#### What you will do
Which lines run from the one containing "マーライオンとシンガポールの街並み。" to the end of the entries below? Retype exactly those, both ends included.

Stored records:
————————
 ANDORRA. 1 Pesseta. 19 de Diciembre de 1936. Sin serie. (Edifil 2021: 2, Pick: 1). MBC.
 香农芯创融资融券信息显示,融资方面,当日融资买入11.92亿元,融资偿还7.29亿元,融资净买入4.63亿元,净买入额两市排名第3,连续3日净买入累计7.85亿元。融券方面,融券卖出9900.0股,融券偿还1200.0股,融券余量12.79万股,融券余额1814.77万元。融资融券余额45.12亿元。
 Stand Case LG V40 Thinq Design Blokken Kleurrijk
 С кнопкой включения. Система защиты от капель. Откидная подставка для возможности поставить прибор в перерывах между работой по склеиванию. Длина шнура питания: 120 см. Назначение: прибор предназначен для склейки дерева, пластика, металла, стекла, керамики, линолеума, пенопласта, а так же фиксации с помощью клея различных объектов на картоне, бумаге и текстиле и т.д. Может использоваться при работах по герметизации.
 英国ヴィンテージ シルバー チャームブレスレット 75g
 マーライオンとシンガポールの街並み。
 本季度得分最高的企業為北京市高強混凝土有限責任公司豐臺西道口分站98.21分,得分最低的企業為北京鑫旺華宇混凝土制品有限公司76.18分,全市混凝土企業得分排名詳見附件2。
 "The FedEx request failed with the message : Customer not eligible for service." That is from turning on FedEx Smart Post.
————————
#### Task output
 マーライオンとシンガポールの街並み。
 本季度得分最高的企業為北京市高強混凝土有限責任公司豐臺西道口分站98.21分,得分最低的企業為北京鑫旺華宇混凝土制品有限公司76.18分,全市混凝土企業得分排名詳見附件2。
 "The FedEx request failed with the message : Customer not eligible for service." That is from turning on FedEx Smart Post.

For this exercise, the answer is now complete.